There are at least two important applications of PCA in data mining. The first obvious application is dimensionality reduction as a preprocessing step prior to the application of other (possibly supervised) algorithms that can benefit from operating on a lower dimensional space, for a variety of reasons that relate to the different challenges associated with high dimensional spaces.

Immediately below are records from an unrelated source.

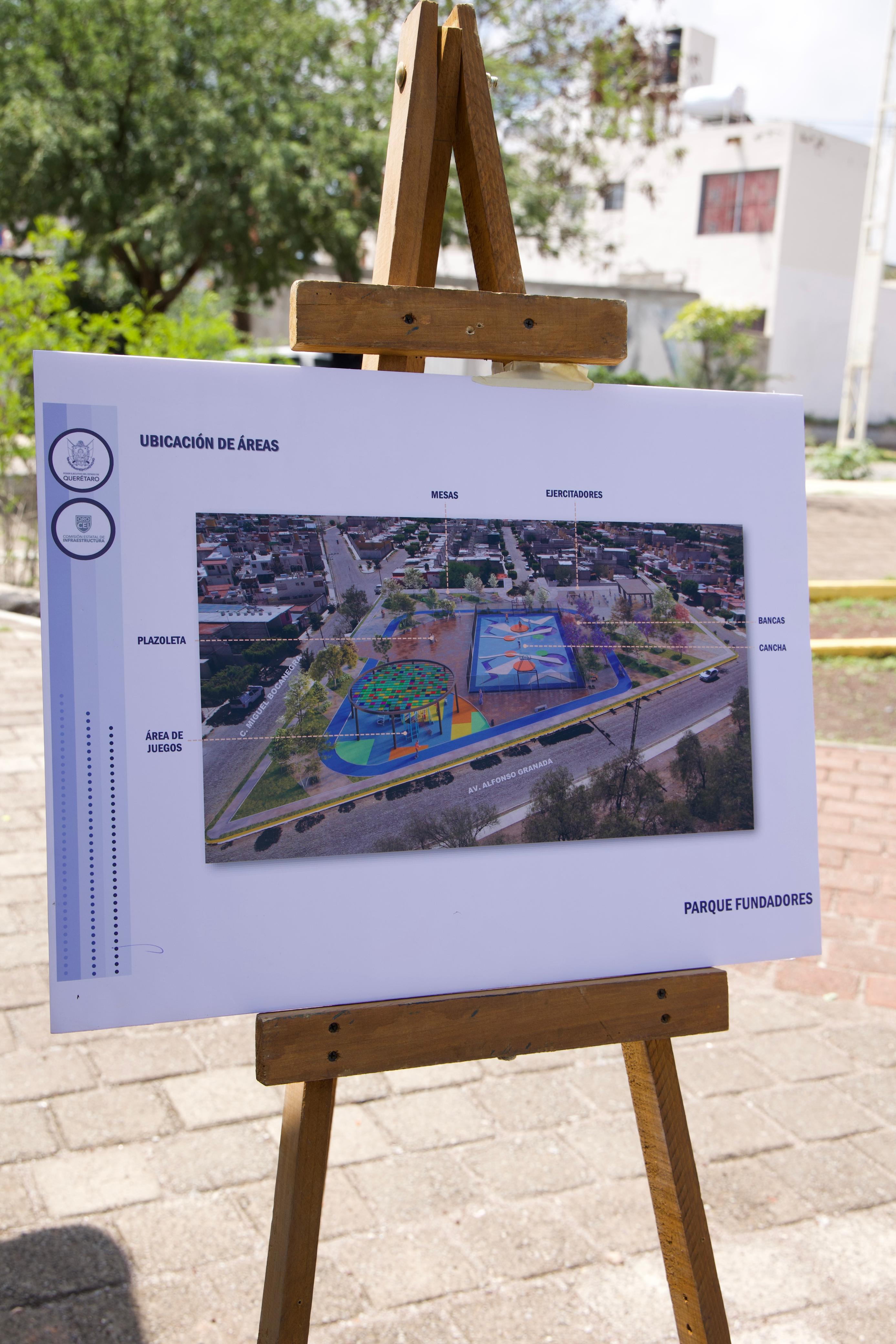 La secretaria de la Juventud (SEJUVE), Virginia Hernández Vázquez, junto al presidente municipal de San Juan del Río, Roberto Carlos Cabrera Valencia, encabezó el anuncio de rehabilitación del Parque Fundadores, para lo cual se hará una inversión estatal de más de cuatro millones de pesos.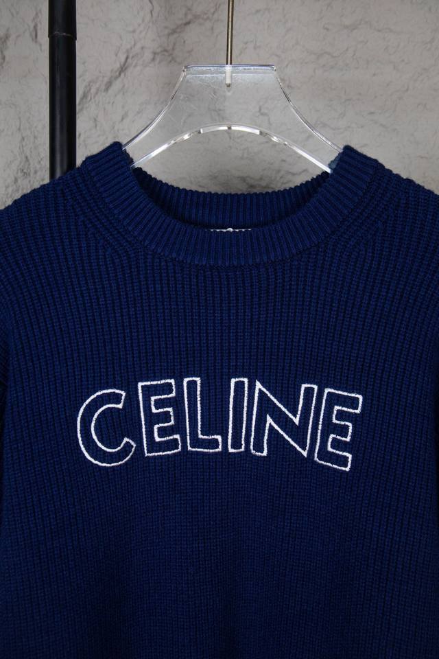 Celine 25Fw Embroidered Letters L0G0 Crew Neck Sweater Celine's latest logo swea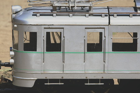 Photo of a train that travels by rail against a background of green grass. Wheels, rails and sleepers.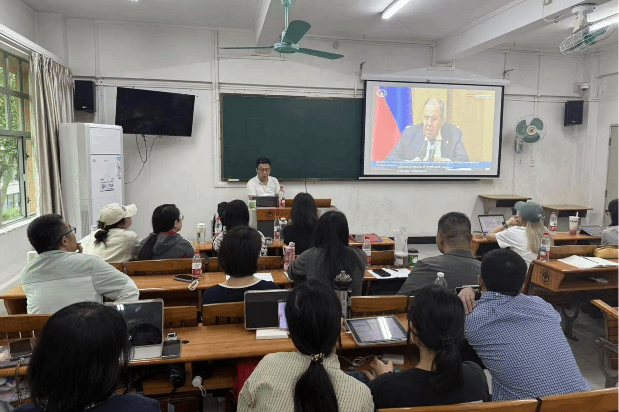 俄语系师生作题为《数智时代会议口译人机翻译对比与协作模式探索》的专题讲座。俄语系主任陈欢主持讲座,俄语系研究生负责人姜超老师出席,俄语系师生积极参与互动,现场氛围活跃。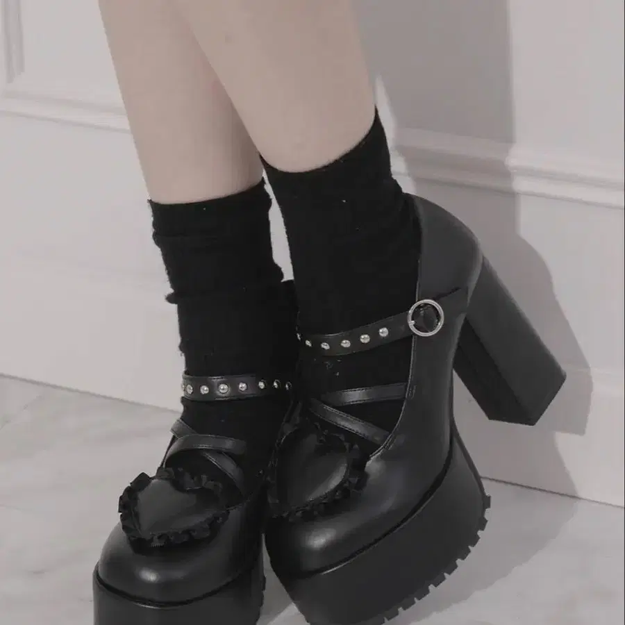 블랙 가죽 S 사이즈입니다. 힐 부분에 약간의 흠집이 있습니다. 부속 클립은 리본만 사용했으며, 하트는 한 번도 사용하지 않았습니다.

Another important application of PCA in data mining is visualisation. For \(n\)-dimensional data sets where \(n>3\), the data cannot be directly visualised in the original coordinates space. If the first 2 or 3 components can accurately represent the data, containing most of the PVE, then the corresponding 2D or 3D plot can be used as a reasonable, approximate visualisation of the data.

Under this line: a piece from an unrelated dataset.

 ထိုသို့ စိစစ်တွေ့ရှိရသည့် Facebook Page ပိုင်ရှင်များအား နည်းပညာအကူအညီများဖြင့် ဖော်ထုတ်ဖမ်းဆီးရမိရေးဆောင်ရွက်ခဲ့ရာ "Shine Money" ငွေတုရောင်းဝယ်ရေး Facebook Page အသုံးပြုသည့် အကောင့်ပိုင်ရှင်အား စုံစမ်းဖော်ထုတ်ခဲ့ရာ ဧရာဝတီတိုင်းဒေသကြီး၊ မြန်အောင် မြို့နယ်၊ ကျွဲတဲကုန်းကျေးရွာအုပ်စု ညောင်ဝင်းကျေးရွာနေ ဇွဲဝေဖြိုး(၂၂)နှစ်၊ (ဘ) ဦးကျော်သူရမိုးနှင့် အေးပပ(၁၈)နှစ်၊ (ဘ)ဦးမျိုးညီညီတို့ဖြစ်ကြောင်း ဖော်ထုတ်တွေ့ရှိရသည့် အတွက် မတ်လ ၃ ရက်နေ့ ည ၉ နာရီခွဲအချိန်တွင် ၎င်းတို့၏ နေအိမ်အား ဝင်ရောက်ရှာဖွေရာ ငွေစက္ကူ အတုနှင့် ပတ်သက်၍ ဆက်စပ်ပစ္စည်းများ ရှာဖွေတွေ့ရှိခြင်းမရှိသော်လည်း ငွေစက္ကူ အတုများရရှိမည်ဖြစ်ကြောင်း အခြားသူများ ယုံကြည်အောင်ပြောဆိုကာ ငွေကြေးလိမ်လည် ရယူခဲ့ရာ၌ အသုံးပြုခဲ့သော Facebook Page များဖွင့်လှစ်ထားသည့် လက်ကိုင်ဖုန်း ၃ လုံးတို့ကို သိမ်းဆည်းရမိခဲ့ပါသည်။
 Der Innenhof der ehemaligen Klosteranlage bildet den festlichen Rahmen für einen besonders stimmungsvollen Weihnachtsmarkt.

As an example, let’s consider once again the Page Blocks data set from the UCI Data Repository, as well as its representation as a binary outlier detection problem (inlier = “0” vs outlier = “1”).
PageBlocks <- read.table("page-blocks.csv", header=FALSE, sep="", dec=".")

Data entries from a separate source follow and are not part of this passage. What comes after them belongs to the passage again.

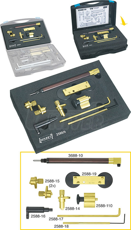 9-dílná doplňková sada přípravků v plastovém kufříku pro nastavování/časování rozvodů benzinových i naftových motorů vozů Volkswagen/Audi/Škoda/SEAT se využívá také při výměnách rozvodových řemenů i dalších opravárenských úkonech. Jedná se o účelný doplněk základní sady HAZET 2588/19. Doplňkovou sadu lze umístit i do kufříku sady HAZET 2588/19 Používá se pro následující motory:benzínové motory: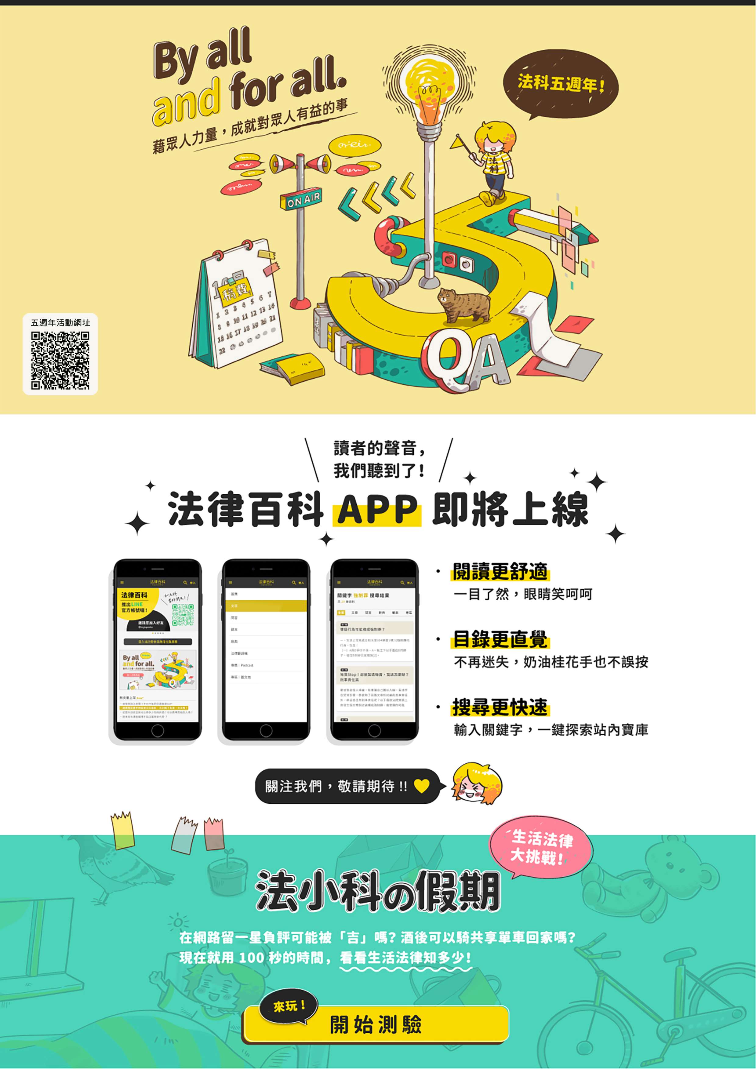 「法律百科」APP可透過手機應用程式商店免費下載利用;《法小科の假期》線上互動遊戲即日起至民國113年4月17日止,
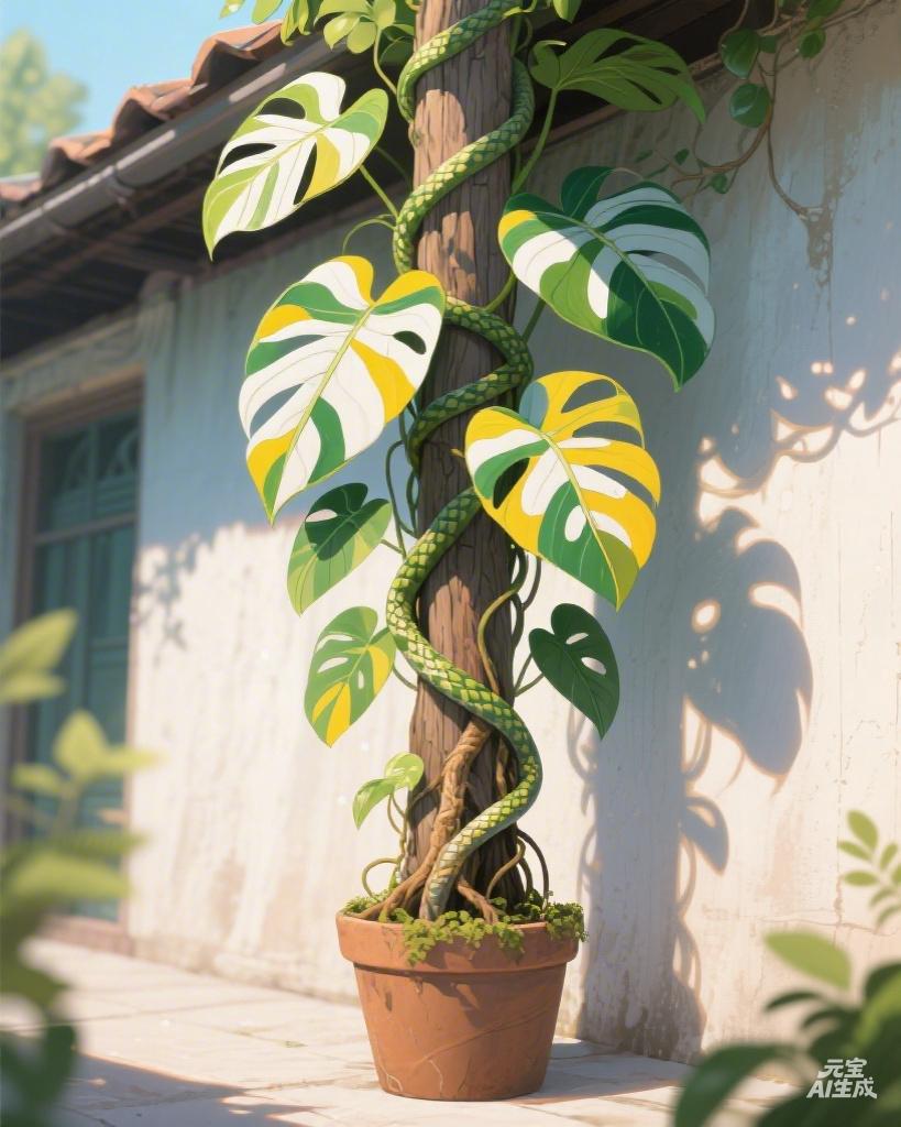 若是将这盆锦画龟背竹种在室外的墙边,很快便能够铺满墙面并一路攀越上房顶。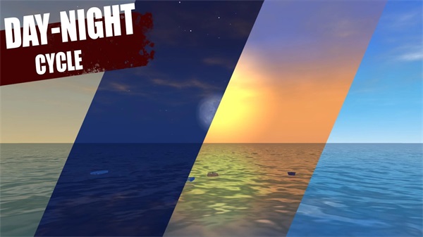 天气景色变化,有昼夜循环和不同的天气变化,可以感受到不同时间段的气候和景色的变化。这种真实的时间变化会对策略产生影响。以其栩栩如生的海上生存场景而闻名,海洋环境非常逼真,可以感受到海风、波浪、天气变化等真实的海洋元素。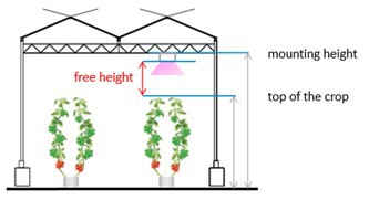 De eerste parameter om te controleren is de vrije hoogte. Dit is de afstand tussen de leds en de top van het gewas. De vrije hoogte kan veel invloed hebben op de uniformiteitswaarde in het algemeen. Bij hogedraadsgewassen, met een beperkte vrije hoogte van 1.50 tot 2.50m, kan het een uitdaging zijn om een goede, algemene

PB_Predictors <- scale(PageBlocks[,1:10]) # 10 Predictors (V1 to V10) normalised
PB_class <- PageBlocks[,11] # Class labels (V11)
PB_class <- ifelse(PB_class == 1,0,1) # Inliers (class "1") = 0, Outliers (classes "2", "3", "4", "5") = 1
By applying PCA to the 10-dimensional space of the predictors, we can see that the first 2 components alone explain almost 60% of the variance:
PCA_PageBlocks <- prcomp(PB_Predictors, scale = TRUE)
(PVE <- (PCA_PageBlocks$sdev^2)/sum(PCA_PageBlocks$sdev^2))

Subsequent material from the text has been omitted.